Spark Mlib Learning Guide

Source: Internet
Author: User
Tags deprecated

Translation http://spark.apache.org/docs/latest/ml-guide.html machine Learning Library Mlib Guide

Mlib is a machine learning library running on spark to facilitate machine learning in the Scala language. Provides the following features: ML algorithm: Provides common machine learning operator functions such as classification, regression, clustering, and collaborative filtering: feature extraction, transformation, dimensionality reduction, and selection of pipe lines: build, evaluate, and tune tool caches: Save and load operators, models, and Piping toolset: linear algebra, Statistics, data processing Announcement: Dataframe-based API is a private API

The Rdd-based API is currently in the maintenance phase.
From spark2.0 onwards, the RDD-based API in the Spark.mlib package has entered the maintenance phase, and the private API in machine learning is stored in the SPARK.ML package, all based on the Dataframe API.

The above information means: Mlib still supports the RDD-based API in the Spark.mlib package, and fixes a bug from time to time.
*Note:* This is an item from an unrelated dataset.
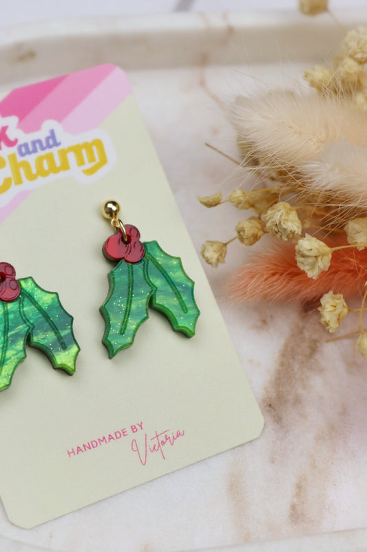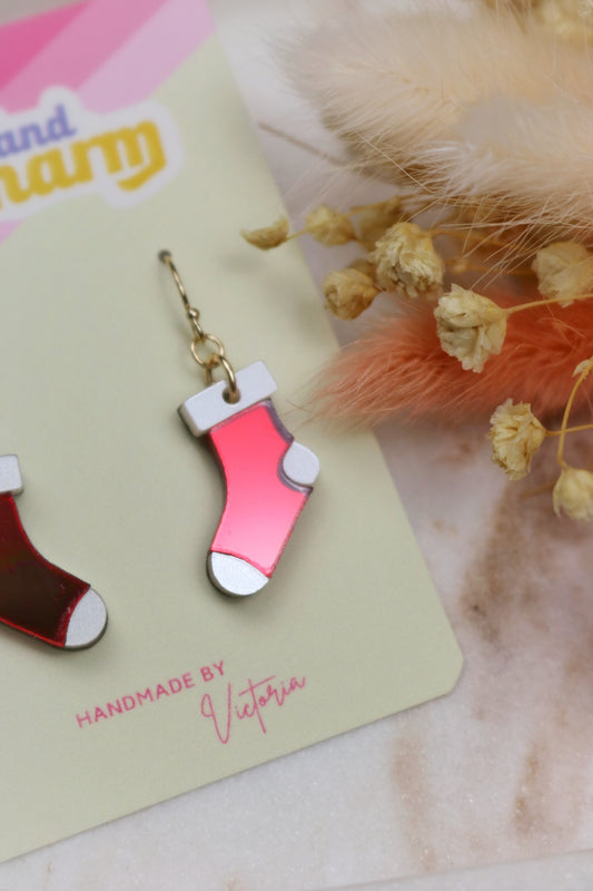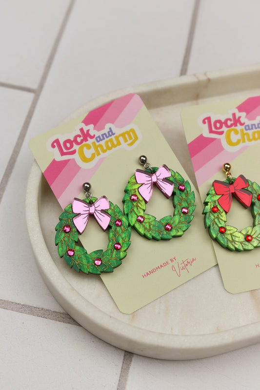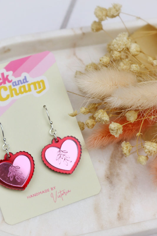 Scalloped Heart Red and Pink Mistletoe Acrylic Earrings

Mlib currently does not add new features. spark2.x Subsequent updates will gradually support the Dataframe-based API, which is similar to the RDD API. The Rdd-based API is deprecated once the base and Dataframe APIs have been developed (expected in the spark2.2 version). spark3.0 completely remove the RDD-based API

Why abandon the RDD API and support Dataframe's API instead

Dataframe's API is more user-friendly than the RDD API, Dataframe's advantages include spark data sources, sql/dataframe queries, tungsten and catalyst optimization, and a unified API across languages.
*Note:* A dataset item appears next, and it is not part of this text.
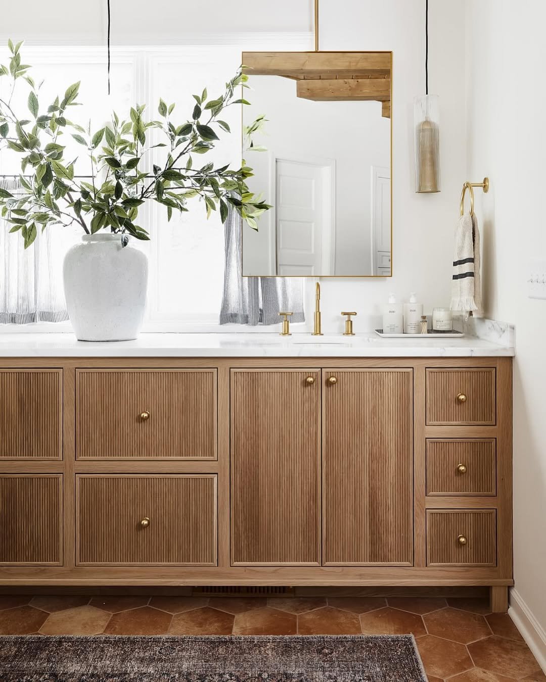 Okay, this one is all about texture. Those vertical tiles behind the sink add depth in such a subtle way, but you can’t stop looking at them.

The Dataframe-based machine learning API is a unified set of cross-machine learning algorithms and across multiple languages. Dataframe also facilitates the use of ML pipe lines, especially functional conversions.

What Spark ml is.

Spark ML, not the official name, but occasionally refers to the Dataframe-based API, because the package name of the Dataframe API is org.apache.spark.ml. and spark ML Pipelines is also meant to emphasize the concept of pipelines.

Mlib already abandoned?

Not yet. Mlib includes the RDD and Dataframe two APIs, which are currently in the maintenance phase, neither obsolete nor mlib. Dependent

Mlib uses a linear algebraic packet breeze (Netlib-java package that relies on optimized data processing), and if the native library is not included in runtime, the JVM will error and replace with a clean interface.
Due to the reason of the license, we do not include Netlib-java this library, which needs to be installed or imported into the project itself.
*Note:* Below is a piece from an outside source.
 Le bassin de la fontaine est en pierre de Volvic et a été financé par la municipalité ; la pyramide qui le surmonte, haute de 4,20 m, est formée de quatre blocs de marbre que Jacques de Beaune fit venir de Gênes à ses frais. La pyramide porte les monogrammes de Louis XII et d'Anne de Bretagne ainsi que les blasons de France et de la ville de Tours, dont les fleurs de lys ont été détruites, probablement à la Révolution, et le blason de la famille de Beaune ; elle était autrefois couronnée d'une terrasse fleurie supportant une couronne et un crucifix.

If you use the Python language, you need the 1.4+ version of NumPy. Migration Guide

Mlib is still in the development phase, Experimental/developerapi Tagged API means there will be changes in the future, the following describes the change from 2.0 to 2.1 2.0-"2.1 change Remove the deprecated method Setlabelcol in feature. Chisqselectormodel Numtrees in classification. Randomforestclassificationmodel numtrees in regression. Randomforestregressionmodel model in regression. Linearregressionsummary Validateparams in Pipelinestage validateparams in Evaluator abandonment and change abandonment

Deprecate all Param setters methods except for input/output column Params for Decisiontreeclassificationmodel, Gbtclassi Ficationmodel, Randomforestclassificationmodel, Decisiontreeregressionmodel, Gbtregressionmodel and Randomforestregressionmodel Change spark-17870:fix a bug of Chisqselector which would likely changes its resul T. Now chisquareselector use PValue rather than raw statistic to select a fixed number of top features. Spark-3261:kmeans returns potentially fewer than K cluster centers in cases where k distinct centroids aren ' t available o R aren ' t selected. Spark-17389:kmeans reduces the default number of steps from 5 to 2 for the k-means| | Initialization mode.

Related Article

Contact Us

The content source of this page is from Internet, which doesn't represent Alibaba Cloud's opinion; products and services mentioned on that page don't have any relationship with Alibaba Cloud. If the content of the page makes you feel confusing, please write us an email, we will handle the problem within 5 days after receiving your email.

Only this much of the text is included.